He needs to find these women and impregnate them.
He said he needs to marry his step-daughter and
impregnate her, as well.
....
[The State]:
Any other behaviors that alerted you or makes you
believe that he could be a harm to others?
[Dr. Stone]:
One of the reasons he was brought here in the
MHMR appointment on the day he was admitted
here he was meeting with Doctor Pugh and Doctor
Pugh, he was very threatening to the point Doctor
Pugh felt he needed to be admitted here
immediately.
9
....
[The State]:
Because of his delusions is the delusion such he
could harm others?
[Dr. Stone]:
Yes. He has a very firm belie[f] that there are these
women he needs to track down and impregnate.
That he feels very strongly about this. This is either
a mission he needs to be on or in some ways
compelled to do this. But there are women he needs
to track down and impregnate them. I am concerned
in his delusional state, because he is very delusional,
that he will act on this. He has been out of the State
hospital for a relatively brief period of time and my
concern is with these delusions active still that he is
very likely to act on them. I am very concerned if he
were to find a female that he believed was promised
him that he would then try to impregnate her.

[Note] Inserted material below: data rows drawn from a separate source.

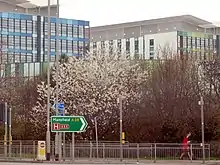 The hospital in 2013 showing Main Entrance beyond the paving, Outpatient Clinics to the left, Women and Children's Centre to the right and Wards in the Towers behind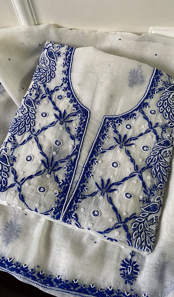 The thing about Lakhnavi Chikankari Suits is that most of them are one of a kind. Once a design is sold out, it’s almost impossible to find a replica or even a similar design anywhere in the market or online. This is what makes Chikankari suit fabrics unique just like this one. It’s made with the finest chikankari stitches by extremely skilled craftsmen of Lucknow. The advantage of buying an unstitched Chikankari suit fabric is that you can get it stitched and customized as per your personal style. Shop now and embrace the beauty of Nazrana’s heritage needlecraft, redefining sophistication with every product.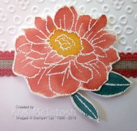 I stamped the flower and the leaves from the Band Together stamp set onto the Fluid 100 Watercolour Paper using Versamark ink. I sprinkled the image with White Embossing Powder and heat set it. I used my Aqua Painter to add water inside the embossed flower.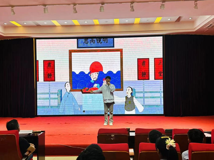 活动在主持人邓超演唱的歌曲《六尺巷》中拉开序幕。邓超用悠扬的歌声,传递出 “让他三尺又何妨” 的和谐礼让精神,邓超以沉稳大气的台风,将传统美德融入音符之中,展现了师生传承文化的真挚情怀,也为学校参演节目拉开精彩序幕。

Dr. Stone also testified to K.E.W.’s inability to function independently:
[K.E.W.]:
You said he was not capable of functioning
independently and you didn’t give details why it was
you said that.
[Dr. Stone]:
It’s because I believe that he, first of all, does not
believe he has a mental illness does not understand
he has a mental illness; that he is very set on
continuing to work on what he feels are the needs to
find these people and have his flock of women and
impregnate them. He is very concerned with his
delusions. I don’t think he can function outside a
hospital setting at this time.
Dr. Stone also testified to his belief that women in general in the society would be at
risk if K.E.W. were not treated. He testified,
10
In fact on the unit we’re very careful when female medical staff go to
talk to him to keep the door open. Not because he is homicidal, but in
his confused belief he could believe a woman is there and someone
promised to him that does want to be impregnated.
In addition, Dr. Waleska Ortiz, another of K.E.W.’s treating psychiatrists,
testified that he had seen K.E.W. daily during the week preceding the hearing. When
asked to testify what he had seen in general, he replied:
[Dr. Ortiz]:
With him in general there was the particular concern
regarding the women, and I wanted to know more
about his particular beliefs regarding that. And what
I noticed is that he would become very agitated
regarding the belief of the women. For instance,
when he was in the emergency room he
experienced—I say “experienced” because it’s
unclear if he heard it or just information that was
provided to him, but he experienced the knowledge
that some of the women that he was seeking were
actually in the emergency room and that he had just
missed them and that certain staff members in the
emergency room had that information about where
their whereabouts were and they were withholding
that information from him and that it was some sort
of conspiracy to keep those women. So he was very
upset because he had just missed them.
[The State]:
How did he act when he was upset?
[Dr. Ortiz]:
I wasn’t present in the emergency room but
according to the clinical record he became very
agitated.
....
11
[The State]:
His behavior was of agitation?
[Dr. Ortiz]:
Yes.
[The State]:
Did you see the same type of agitation on the unit
when you met with him personally?
[Dr. Ortiz]:
Not to the degree that was described in the medical
record, and I say that because of the emergency
room setting he required PRN medications at that
time. In the times where I personally interacted with
him he became agitated in that his body status was
very tense. He was very intrusive. He invaded my
space on several occasions because it was very
important to him to stress that he needed to leave
from here. And there were also additional times
where he had an experience where he heard or
experienced that I knew where the women were
located. And when I continually denied that, I knew
then he was convinced that I was able to access
these special agents that would have the key that
would take him to the portal where some of the
women were particularly located at.
[The State]:
How did he convey that to you?
[Dr. Ortiz]:
He told me.
....
[The State]:
You wrote a narrative, you have memorialized as of
April 21 some findings and some recommendations.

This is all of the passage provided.